- Task to complete:
Beginning with the first line below, retype exactly each line through the one containing "山の神にお参りできたので、今". Leave out all pictures.

- Data excerpt:
++++

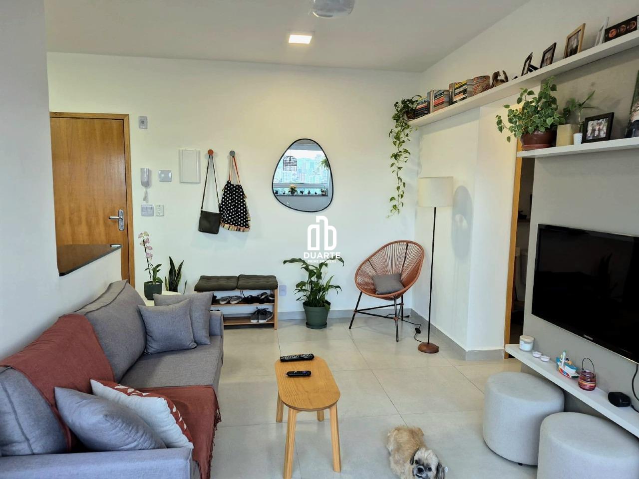 Sala ampla em 2 ambientes com varanda gourmet, cozinha em conceito aberto com bancada americana. Área de serviço integrada. Passagem para varanda com pia e bancada para churrasqueira elétrica/ponto grill. São 2 quartos sendo 1 suíte e o segundo quarto podendo ser usado como home office também, possui uma vaga de garagem.
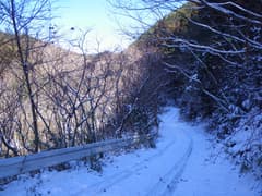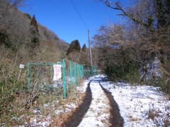 山の神にお参りできたので、今日の山歩きの当初の目的は達成。ついでに、小友川の奥がどんなところか、林道をさらに上流へ辿ってみることにする。フェンスで囲まれた釣り堀の跡を左手に見て、雪の積もった林道を辿る。雪道に新しい轍があるのは、誰の物だろうか。この先には人家はないはずだが…
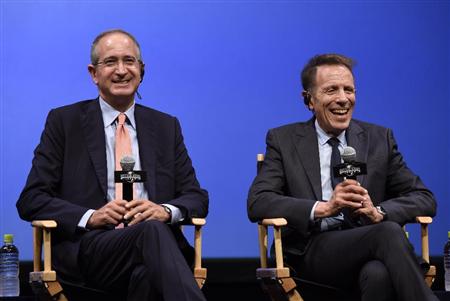 記者会見をするコムキャストのブライアン・ロバーツ会長(左)とユー・エス・ジェイのグレン・ガンペル代表取締役(右)=28日午後、大阪市此花区(甘利慈撮影)【拡大】

++++

- Result of the task:
 Sala ampla em 2 ambientes com varanda gourmet, cozinha em conceito aberto com bancada americana. Área de serviço integrada. Passagem para varanda com pia e bancada para churrasqueira elétrica/ponto grill. São 2 quartos sendo 1 suíte e o segundo quarto podendo ser usado como home office também, possui uma vaga de garagem.
 山の神にお参りできたので、今日の山歩きの当初の目的は達成。ついでに、小友川の奥がどんなところか、林道をさらに上流へ辿ってみることにする。フェンスで囲まれた釣り堀の跡を左手に見て、雪の積もった林道を辿る。雪道に新しい轍があるのは、誰の物だろうか。この先には人家はないはずだが…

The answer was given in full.